→ Data provided:
━━━━━━━━━━━━━━━━━━━━

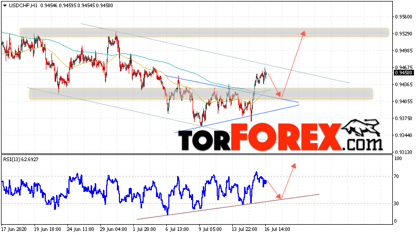 Таким образом, USD/CHF прогноз Доллар Франк на 17 июля 2020 предполагает попытку теста области поддержки вблизи уровня 0.9405. Далее, продолжение роста валютной пары USD/CHF с целью выше уровня 0.9545. Дополнительным сигналом в пользу подъёма пары Доллар Франк выступит тест линии тренда на индикаторе относительной силы. Отменой варианта роста станет падение и пробой области 0.9335. Это укажет на пробой уровня поддержки и продолжение падения пары с потенциальной целью ниже уровня 0.9215.
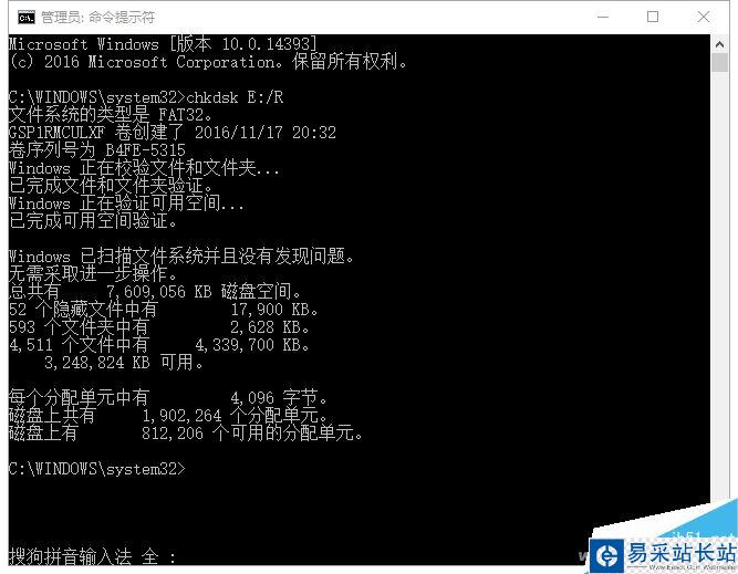 chkdsk U盤盤符/R 回車等待系統運行即可。
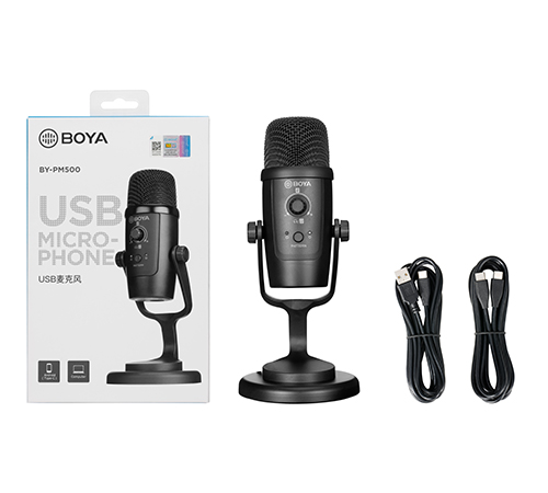 ไมโครโฟนคอนเดนเซอร์ USB BOYA BY-PM500 มีรูปแบบการรับสัญญาณแบบคาร์ดิออยด์และรอบทิศทางพร้อมอัตราการสุ่มตัวอย่างความละเอียดสูง 24 บิต / 48kHz รองรับการใช้งานกับระบบ iOS/Android, Mac/Windows

━━━━━━━━━━━━━━━━━━━━

→ What is needed:
Leaving the pictures out, output all of the listing exactly.

→ Answer to the problem:
 Таким образом, USD/CHF прогноз Доллар Франк на 17 июля 2020 предполагает попытку теста области поддержки вблизи уровня 0.9405. Далее, продолжение роста валютной пары USD/CHF с целью выше уровня 0.9545. Дополнительным сигналом в пользу подъёма пары Доллар Франк выступит тест линии тренда на индикаторе относительной силы. Отменой варианта роста станет падение и пробой области 0.9335. Это укажет на пробой уровня поддержки и продолжение падения пары с потенциальной целью ниже уровня 0.9215.
 chkdsk U盤盤符/R 回車等待系統運行即可。
 ไมโครโฟนคอนเดนเซอร์ USB BOYA BY-PM500 มีรูปแบบการรับสัญญาณแบบคาร์ดิออยด์และรอบทิศทางพร้อมอัตราการสุ่มตัวอย่างความละเอียดสูง 24 บิต / 48kHz รองรับการใช้งานกับระบบ iOS/Android, Mac/Windows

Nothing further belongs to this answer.